Genau, durch meine Netzwerkaktivitäten kam das Organisieren von Veranstaltungen hinzu. Bei allem war viel Herzblut im Spiel und sehr gutes Miteinander. So habe ich auch einen Kundenwunsch erfüllt und seine Weihnachtsfeier mit Star-Koch in unserem Wohnzimmer durchgeführt. Ach ja, hier hatten wir auch kleine, feine Wohnzimmer-Konzerte. Wenn ich das jetzt so erzähle, wird mir klar, wie vielseitig diese rund 25 Jahre waren.
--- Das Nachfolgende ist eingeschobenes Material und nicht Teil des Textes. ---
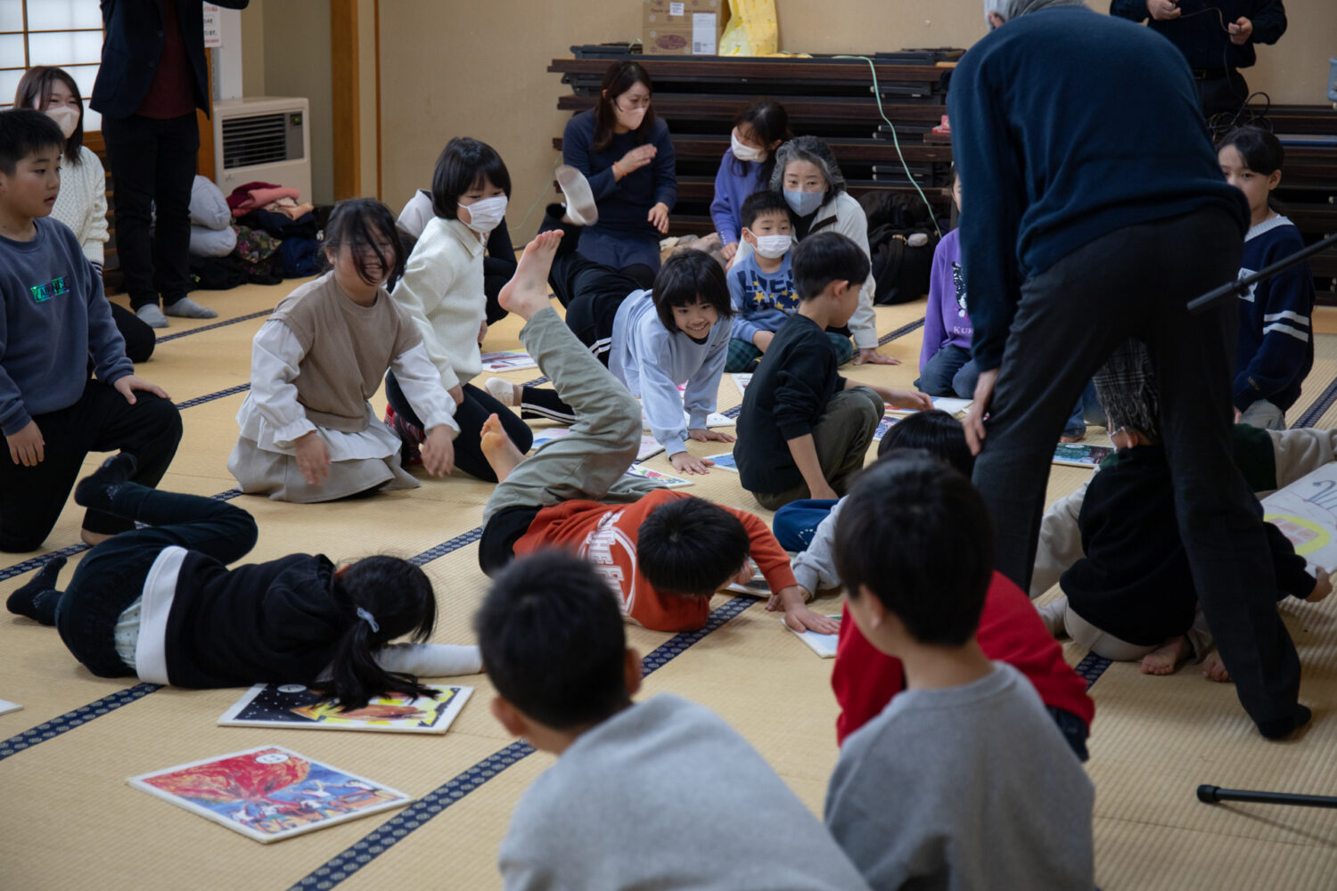 まずは「大型かるた遊び」から。巨大なかるたを使い、体を目一杯使って札をゲットします。その様子はさながらスポーツ。時には遠くにある札めがけて全力ダッシュ!子どもがメインの種目とあって「勇気があったら一般の参加者も募集中です」とのアナウンスメントも、白熱した雰囲気に大人たちはたじたじ。

Und wie genau kam es dann zur Gründung von "Kultur in Mittelhessen"?

Das ist sozusagen aus einer Wein-Laune heraus entstanden. Wir hatten schon länger guten Kontakt zu regionalen Künstlern, unter anderem zu den "Drei Stimmen". Als wir sie in Kubach (Weilburg) in der Kristallhöhle erlebt hatten, waren unsere Nachbarn, mein Mann und ich uns einig: Wenn die bei uns in der Sport- und Kulturhalle in Pohlheim auftreten, muss Sängerin Ingi Fett nicht so frieren. Noch im After-Show-Bereich haben wir das Event bei uns mit dem Trio abgestimmt. Einige Monate später fand ein ausverkauftes "Festival der Sinne" in Garbenteich statt. Das Ganze für einen guten Zweck. Wir konnten den Verein "Die kleinen Lauscher" zur Unterstützung von gehörlosen Kindern mit einer vierstelligen Summe beglücken. Wir haben weiterhin viele Projekte unterstützt und dabei Aufgaben delegiert: Fördervereinen als Mitveranstalter haben wir das Catering für die Besucher angeboten und ihnen den Gewinn überlassen. Etwa an die Diakonie bei Eckhardt von Hirschhausen, Schulen bei den Musicals vom Theater Traumstern oder dem Hallenbad bei Sissi Perlinger.

Wie ging es weiter?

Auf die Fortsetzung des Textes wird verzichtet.